Evernote, a popular note taking piece of software and one that this site highlights has been hacked. See http://blog.evernote.com/

No client notes have been stolen and the vibe from the internet is that Evernote have handled it well (compared with other high profile cases - Twitter, LinkedIn): the attack was detected and all clients alerted via many different channels. The stolen passwords are encrypted, hashed and salted but to be safe Evernote enforced a password change across all 50 million + users.

Security is never more important than when something goes wrong and it is clear why each website should have a different password.

Then you need an encrypted way of keeping the multitude of (strong/long) passwords.

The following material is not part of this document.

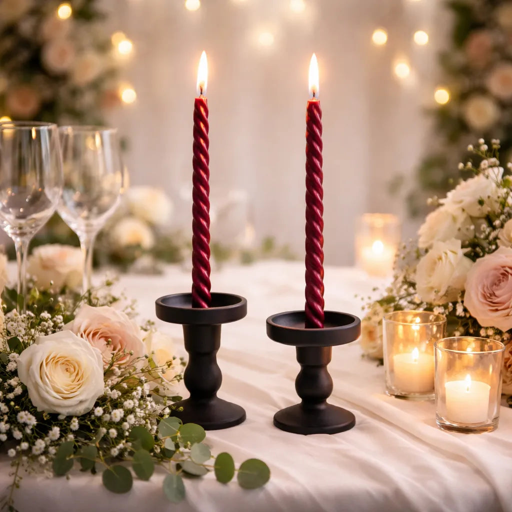 Ces bougies spirales rouges vin attirent l’œil par leur silhouette élancée et leur teinte profonde, parfaite pour structurer une décoration de table élégante. Leur relief spiralé capte la lumière et crée une atmosphère chaleureuse, idéale pour les dîners soignés, les fêtes ou les moments partagés. Elles apportent du caractère sans surcharger l’espace, et s’intègrent aussi bien dans un décor moderne que dans une mise en scène plus traditionnelle.

We use KeePass and synchronise across the office via Dropbox.

However, any password is potentially hackable. So I would urge all readers, particularly in financial services, to use 2-factor authentication wherever possible. Google, Dropbox and a number of others have it available but often do not promote it heavily. It tends to be a hidden option. Evernote is rumoured to be accelerating their launch of 2-step verification.

In brief as well as a username and password you will also receive a code by text message to your phone and this needs entering to first access the site. Cookies allow a machine to marked as safe (in Google's case for 30 days) before a new code is needed.

But the key thing is that unknown computers potentially belonging to a hacker do need the code. And they don't have your phone (hopefully!)